Because of the Cao family connection, the museum recreated the art of 'Dream of the Red Chamber'—
A few streets away was the Jiangsu Art Museum, originally the National Art Gallery—the first national gallery in the 1930s.
Coincidentally, there was an exhibition for the "70th Anniversary Jiangsu Art Show"—
Jiangsu is a land of talent, painters abound...
Heading north from the museum, you reached 1912 Minguo—the former dormitory buildings of the Republic government.
Developers set up a miniature train, with a steam locomotive pulling tourists for a loop...
Day 2: Nanjing Zhongshan Botanical Garden, one of China's four major botanical gardens. Bus No. 20 stopped right at the gate. A road divided the garden into south and north sections. We first went to the north garden to see the maple leaves.
The Red Maple Hill was famous for its red leaves, but local visitors said that due to little rain, the leaves weren't as bright as in previous years.
The north garden also houses the Institute of Botany of the Chinese Academy of Sciences. I'm not sure if it was because of a staff sports meet that day, but the herbarium was closed.
There was also a bonsai garden in the north garden—
The tree bonsai were especially amazing...
The south garden had a large greenhouse.
I saw a coffee tree.
Unfortunately, I didn't see the dove tree—Davidia involucrata—a relict species from the Quaternary glaciation unique to China. It was listed in the introduction, but sadly the staff were all at the sports meet.
Late autumn was just right for colorful leaves...
Lake view with the ancient city wall behind.
From the Botanical Garden station, took a bus to Jiming Temple.
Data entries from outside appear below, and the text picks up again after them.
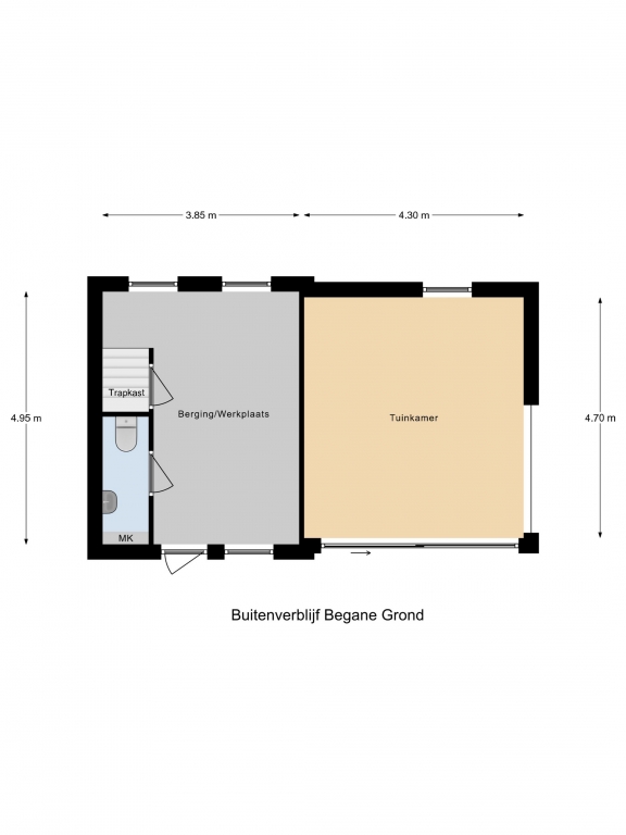 tuinkamer (ca. 20 m²), berging/hobbyruimte; toiletruimte met toilet, uitstortgootsteen en electragroepen; trapopgang met kleine berging.
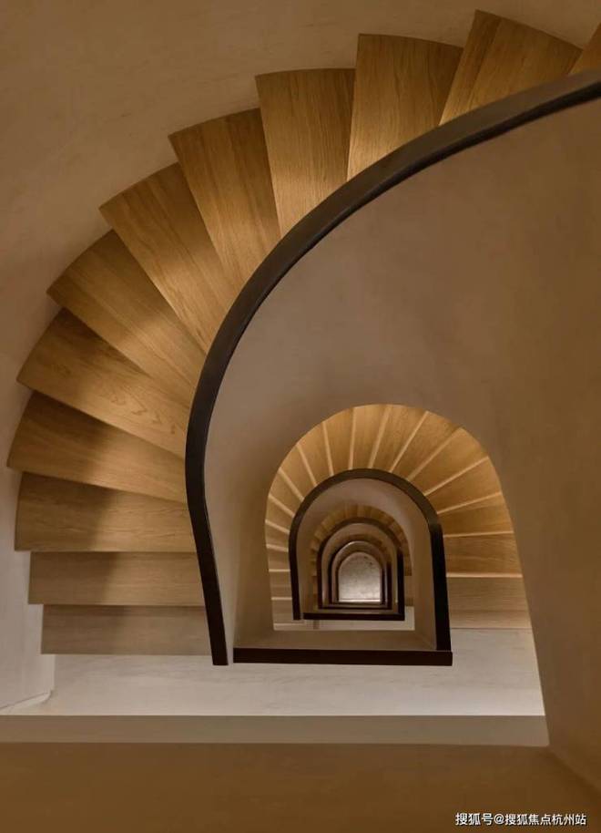 他们在庭院中引入了一条水系,不是平铺在地面上,而是让水流在墙面上垂直流淌。它出现在地下一层的旋梯上,地下二层的庭院中,汇聚到了地下三层的会所。
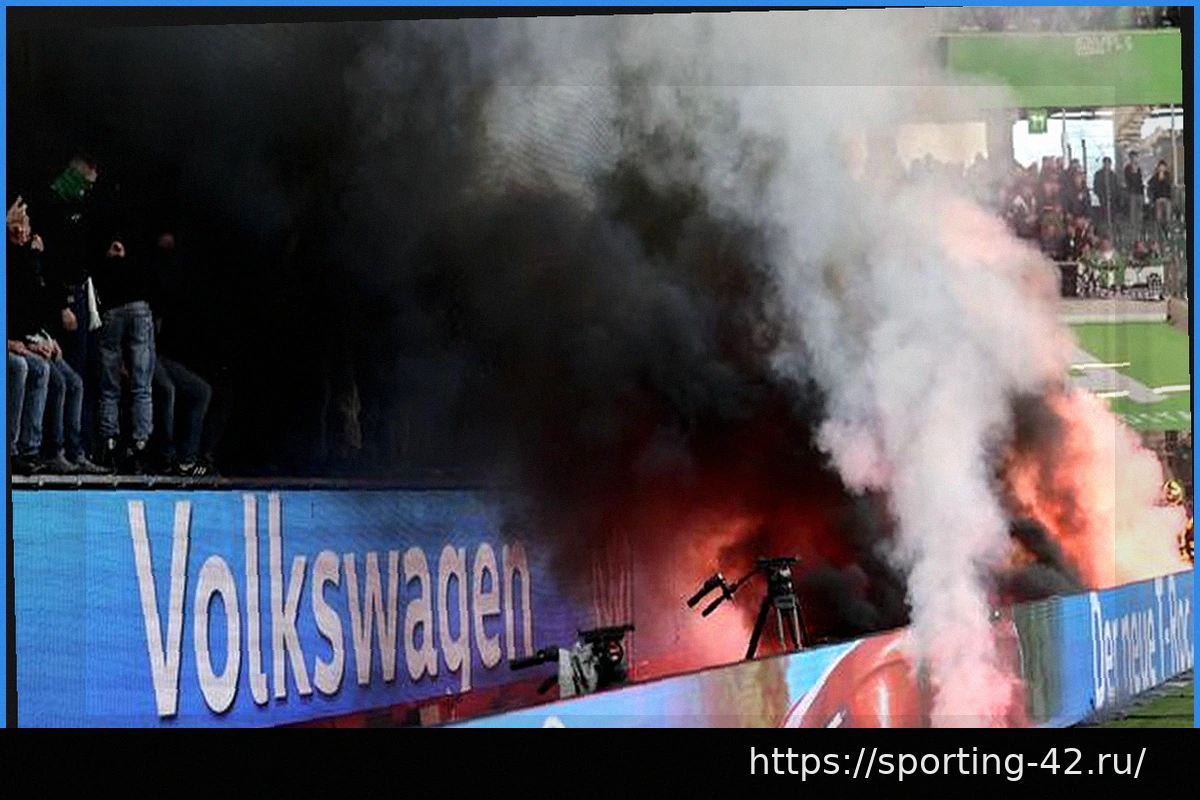 Заголовок информирует о напряженной ситуации, возникшей в немецком городе Вольфсбург после футбольного матча Бундеслиги, в котором местный клуб потерпел поражение от команды «Гамбург» (HSV). После игры на стадионе или в его окрестностях произошли беспорядки, сопровождавшиеся применением пиротехнических средств, что привело к возникновеновению хаотической обстановки.

Jiming Ancient Temple was rebuilt...
The back gate connected to the ancient city wall—Taicheng Wall section.
The Ming city walls—wisely, several administrations of Nanjing didn't follow Beijing's lead in demolishing the walls... leaving behind priceless city treasures...
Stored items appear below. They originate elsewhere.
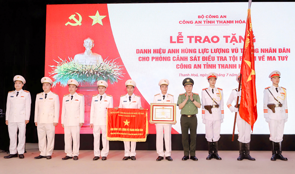 Ngày 31/7/2025, thừa ủy quyền, đồng chí Đại tướng Lương Tam Quang, Bộ trưởng Bộ Công an trao Danh hiệu Anh hùng Lực lượng vũ trang Nhân dân cho Phòng CSĐT tội phạm về ma túy Công an tỉnh Thanh Hóa.
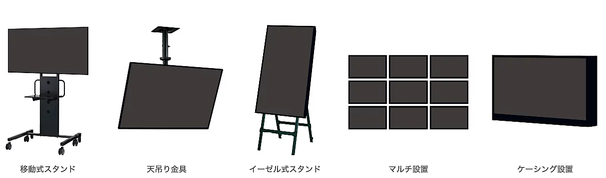 薄型・軽量・狭額縁が特徴的なシンプルデザインの筐体は、横置きはもちろん、縦置き・傾斜設置も可能。加えて、狭い会議室などでスペースを有効活用できる移動式スタンドや、サイネージ効果を高める天吊り金具にも対応しています。イーゼル式スタンドや、マルチ設置・ケーシング設置などの特殊設置にも対応しており、幅広い用途や設置場所にお使いいただけます。
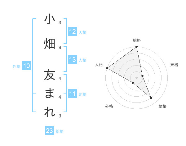小畑 友まれさんを姓名の画数から五運を鑑定
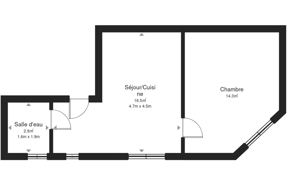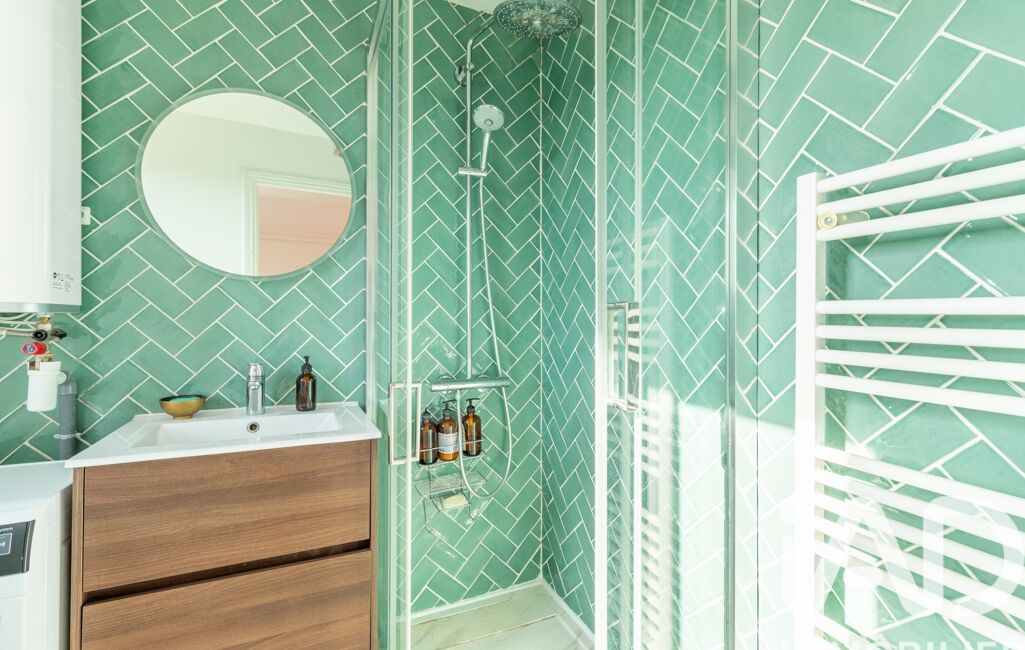 Il comprend un séjour spacieux et LUMINEUX de par sa vue dégagée avec cuisine ouverte équipée, une grande chambre de 14m² ainsi qu'une belle salle d'eau avec douche et w.c.

From ancient to modern: Nanjing's tallest building, the Zifeng Tower, was not far.
Took a bus to the mansion area on Yihe Road and Ninghai Road to see the Minguo-era western-style houses.
At the intersection, the village office had become a tourist shop.
Today, I went to see Yuejiang Tower by the Yangtze River. Got off at Xingzhongmen Station, and the city gate came into view.
There was a walking path uphill, but we took the elevator at the visitor center near the parking lot (paid). Stepping out of the elevator, the towering platform building greeted us. With age, this Yuejiang Tower was also rebuilt.
The large platform below the tower offered a panoramic view, but climbing to the tower's top gave an even better view. (There's an elevator too.)
Gazing afar—a bridge...
Imperial golden glazed tiles.
Although Zhu Yuanzhang wasn't highly literate, he wrote a 'Record of Yuejiang Tower'.
Diligent children on an autumn outing...
Bus No. 20 to Zhongshan Wharf, still in a Minguo style...
Took the ferry to Pukou, once the first stop across the river.
Pukou Station is now called Nanjing North Station.
The past bustle was gone with the convenience of the bridge. The old waiting shed—
Lonely green train cars...
The original structures were still there, not demolished. Some were fenced off, the waiting hall tightly shut. Maybe there are plans to develop this as industrial tourism?
Viewed Yuejiang Tower from the river.
There was an introduction that a heritage museum was built at Nanjing's Dabao'en Temple—so before closing time in the afternoon, I went to check it out—
I heard that remains were unearthed during construction, and after archaeology, they became a protected site. A national treasure. They used glazed art to recreate a Buddhist sanctuary—
A huge boxwood carving—maybe the story of Jianzhen's journey to the east...
As evening lights came on, the Dabao'en Temple pagoda show...
The ancient capital of the Six Dynasties, like a crouching tiger and coiling dragon. Three days of casual wandering, just a fleeting glimpse.